Google Cloud Professional Machine Learning Engineer — Question 93
You work for an online publisher that delivers news articles to over 50 million readers. You have built an AI model that recommends content for the company’s weekly newsletter. A recommendation is considered successful if the article is opened within two days of the newsletter’s published date and the user remains on the page for at least one minute.

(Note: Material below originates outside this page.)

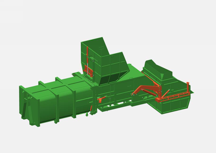 主機箱體包含:主機箱體、壓縮倉、壓頭、壓縮油缸、滑輪、液壓系統(tǒng)、電控系統(tǒng)等組成。其主要結(jié)構(gòu)件采用Q345高強度結(jié)構(gòu)鋼焊接成成,具有較有的耐磨性;主機箱體上的滑輪與滑臺導(dǎo)軌配合,使主機能相對滑臺滑動,液壓電控系統(tǒng)固定安裝于主機箱體上,整體簡潔美觀。箱體容積15m3,匹配16噸后雙橋車廂可卸式垃圾車。

All the information needed to compute the success metric is available in BigQuery and is updated hourly. The model is trained on eight weeks of data, on average its performance degrades below the acceptable baseline after five weeks, and training time is 12 hours. You want to ensure that the model’s performance is above the acceptable baseline while minimizing cost. How should you monitor the model to determine when retraining is necessary?
Answer options
- A. Use Vertex AI Model Monitoring to detect skew of the input features with a sample rate of 100% and a monitoring frequency of two days.
- B. Schedule a cron job in Cloud Tasks to retrain the model every week before the newsletter is created.
- C. Schedule a weekly query in BigQuery to compute the success metric.
- D. Schedule a daily Dataflow job in Cloud Composer to compute the success metric.
Correct answer: C
Explanation
Option C is correct because calculating the success metric weekly allows you to monitor the model's performance against the acceptable baseline effectively. Options A and D focus on monitoring input features rather than the actual performance metric, and option B involves retraining the model without assessing its current effectiveness, which may not be cost-efficient.